## Exercise objective
Below is a listing; print exactly its lines from the one containing "11月8日,游客在沙河市白塔镇栾卸村菊花园游览。新华社记者牟宇摄" down to the one containing "Um dos fuzis", both inclusive, with every picture left out.

## Data extracts
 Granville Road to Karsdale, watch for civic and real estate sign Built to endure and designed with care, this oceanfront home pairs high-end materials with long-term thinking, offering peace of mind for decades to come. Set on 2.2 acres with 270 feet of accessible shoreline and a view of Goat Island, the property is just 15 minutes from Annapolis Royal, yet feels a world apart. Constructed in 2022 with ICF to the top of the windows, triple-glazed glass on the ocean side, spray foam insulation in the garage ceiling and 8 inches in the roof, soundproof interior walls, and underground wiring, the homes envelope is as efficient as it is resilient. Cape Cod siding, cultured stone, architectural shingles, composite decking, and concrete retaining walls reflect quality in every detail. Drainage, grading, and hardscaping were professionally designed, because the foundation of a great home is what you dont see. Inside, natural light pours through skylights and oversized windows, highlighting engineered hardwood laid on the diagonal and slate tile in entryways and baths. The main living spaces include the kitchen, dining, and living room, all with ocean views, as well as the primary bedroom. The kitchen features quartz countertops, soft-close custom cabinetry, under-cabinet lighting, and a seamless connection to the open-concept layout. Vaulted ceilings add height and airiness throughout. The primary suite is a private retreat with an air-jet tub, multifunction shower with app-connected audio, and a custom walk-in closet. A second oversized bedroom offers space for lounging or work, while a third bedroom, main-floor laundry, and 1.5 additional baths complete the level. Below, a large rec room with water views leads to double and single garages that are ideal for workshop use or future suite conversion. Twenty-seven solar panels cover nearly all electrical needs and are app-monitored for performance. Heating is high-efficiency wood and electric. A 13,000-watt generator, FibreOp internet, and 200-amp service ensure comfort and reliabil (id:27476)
==
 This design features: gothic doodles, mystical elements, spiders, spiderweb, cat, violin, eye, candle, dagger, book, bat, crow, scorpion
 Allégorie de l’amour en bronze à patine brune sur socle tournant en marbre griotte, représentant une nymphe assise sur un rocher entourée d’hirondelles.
...
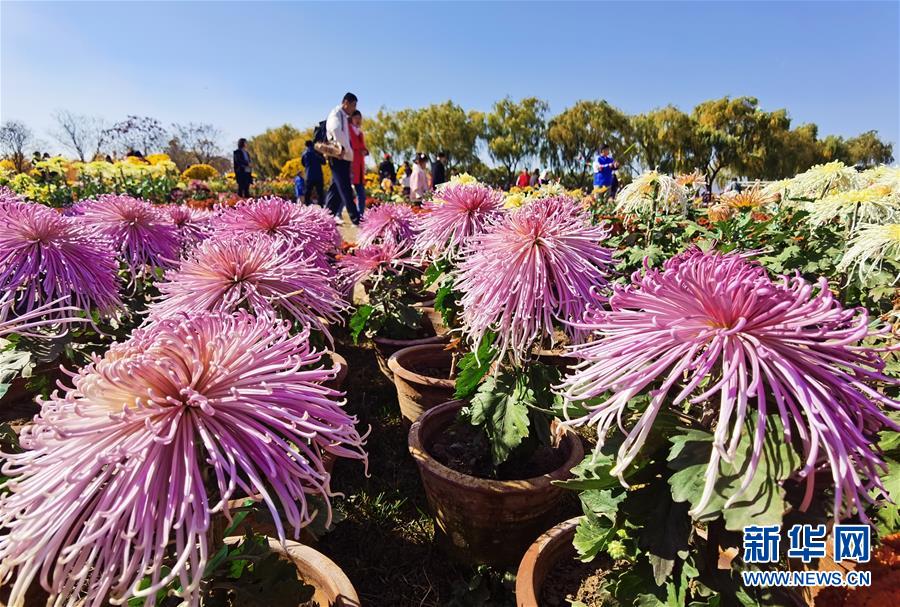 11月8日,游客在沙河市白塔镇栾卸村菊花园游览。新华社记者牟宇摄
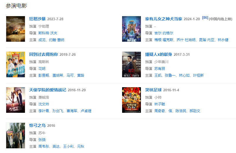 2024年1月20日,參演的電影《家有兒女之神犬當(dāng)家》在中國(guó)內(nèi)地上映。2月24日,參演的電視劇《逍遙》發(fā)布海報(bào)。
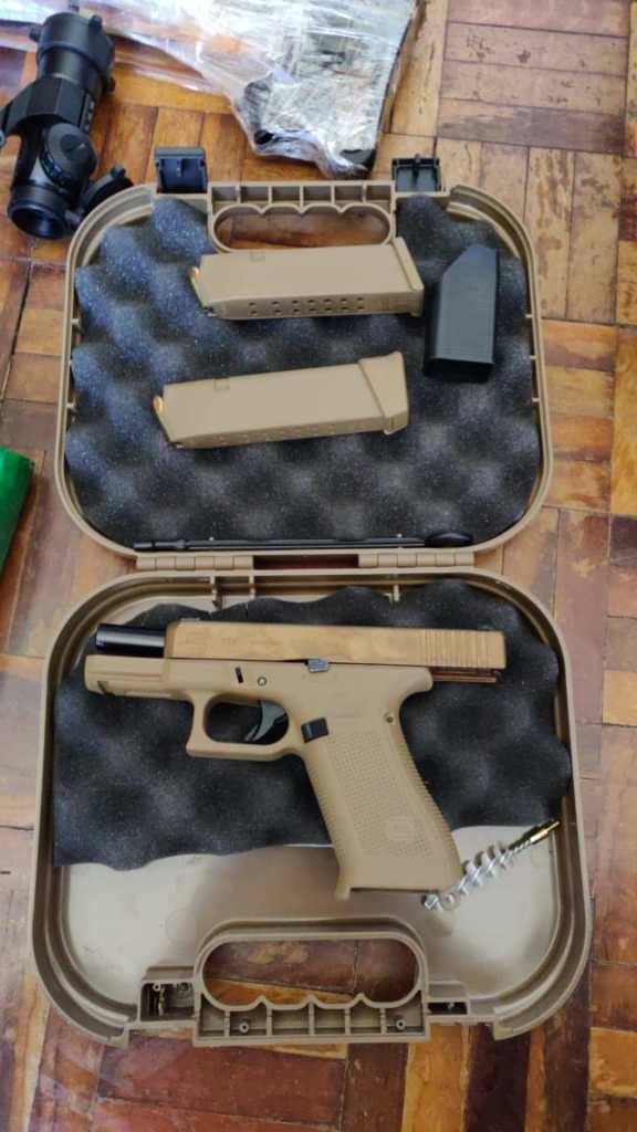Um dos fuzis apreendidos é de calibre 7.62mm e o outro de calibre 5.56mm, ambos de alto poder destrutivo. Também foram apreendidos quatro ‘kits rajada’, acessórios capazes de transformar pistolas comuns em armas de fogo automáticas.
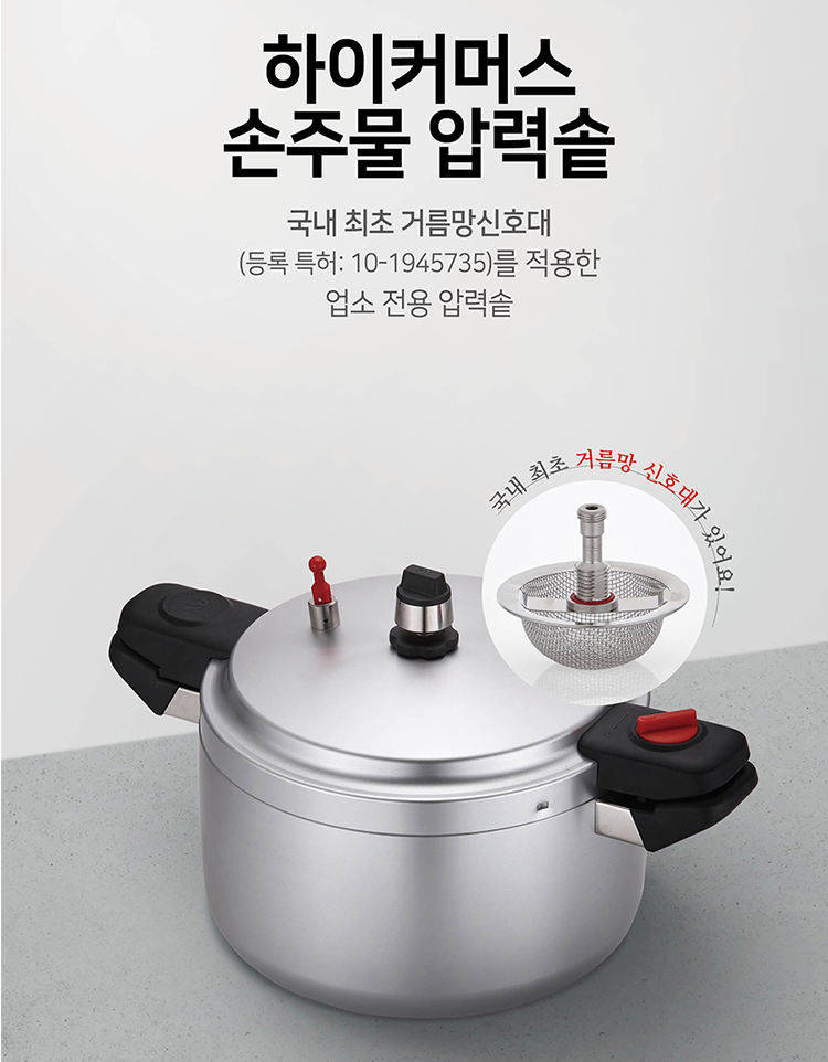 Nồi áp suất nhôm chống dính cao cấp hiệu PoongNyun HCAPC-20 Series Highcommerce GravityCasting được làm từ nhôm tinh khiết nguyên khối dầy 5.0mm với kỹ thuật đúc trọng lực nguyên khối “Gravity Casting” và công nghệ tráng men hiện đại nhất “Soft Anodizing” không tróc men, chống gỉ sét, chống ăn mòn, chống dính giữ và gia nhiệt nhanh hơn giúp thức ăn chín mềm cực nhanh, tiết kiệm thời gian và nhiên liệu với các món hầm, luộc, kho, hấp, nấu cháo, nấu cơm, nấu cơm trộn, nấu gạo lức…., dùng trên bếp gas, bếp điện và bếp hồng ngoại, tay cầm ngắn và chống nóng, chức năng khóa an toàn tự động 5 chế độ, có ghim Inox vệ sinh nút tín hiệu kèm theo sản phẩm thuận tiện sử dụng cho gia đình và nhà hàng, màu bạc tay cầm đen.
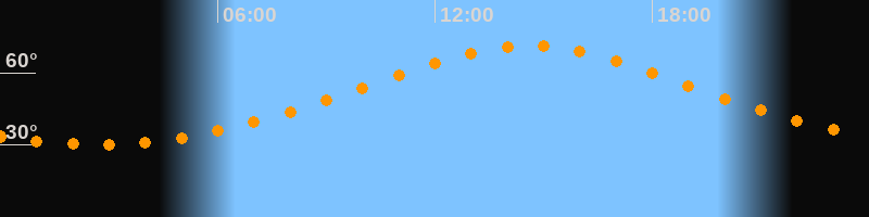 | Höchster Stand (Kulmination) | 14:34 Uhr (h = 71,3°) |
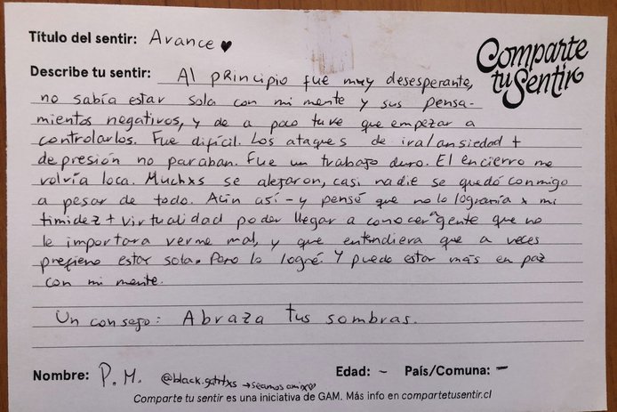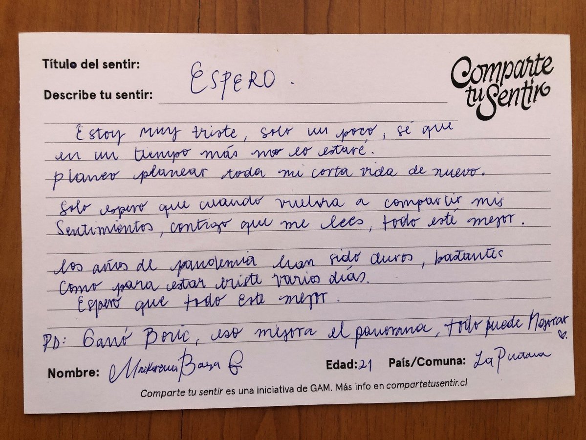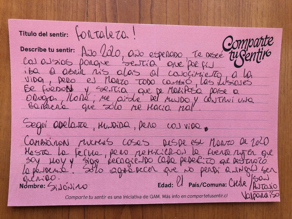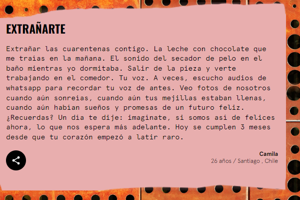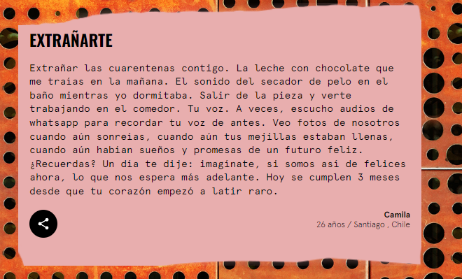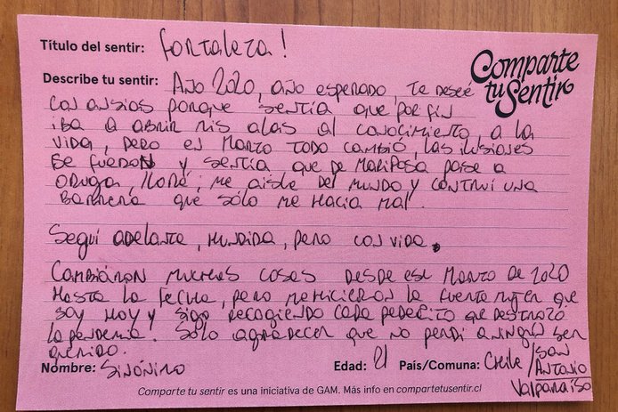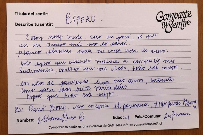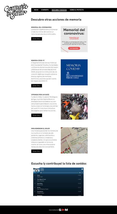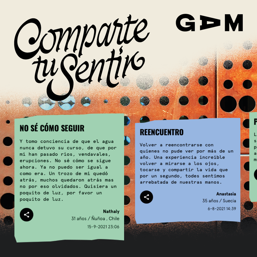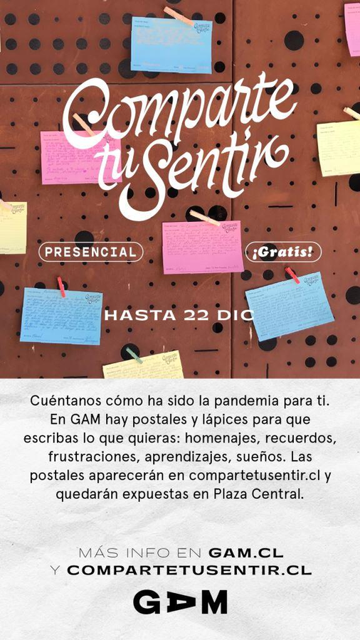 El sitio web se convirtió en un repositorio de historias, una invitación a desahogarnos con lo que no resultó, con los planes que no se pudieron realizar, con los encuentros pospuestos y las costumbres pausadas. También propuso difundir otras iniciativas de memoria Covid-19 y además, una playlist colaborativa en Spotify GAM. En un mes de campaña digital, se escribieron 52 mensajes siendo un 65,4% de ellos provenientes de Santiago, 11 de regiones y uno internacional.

## Written answer
 11月8日,游客在沙河市白塔镇栾卸村菊花园游览。新华社记者牟宇摄
 2024年1月20日,參演的電影《家有兒女之神犬當(dāng)家》在中國(guó)內(nèi)地上映。2月24日,參演的電視劇《逍遙》發(fā)布海報(bào)。
Um dos fuzis apreendidos é de calibre 7.62mm e o outro de calibre 5.56mm, ambos de alto poder destrutivo. Também foram apreendidos quatro ‘kits rajada’, acessórios capazes de transformar pistolas comuns em armas de fogo automáticas.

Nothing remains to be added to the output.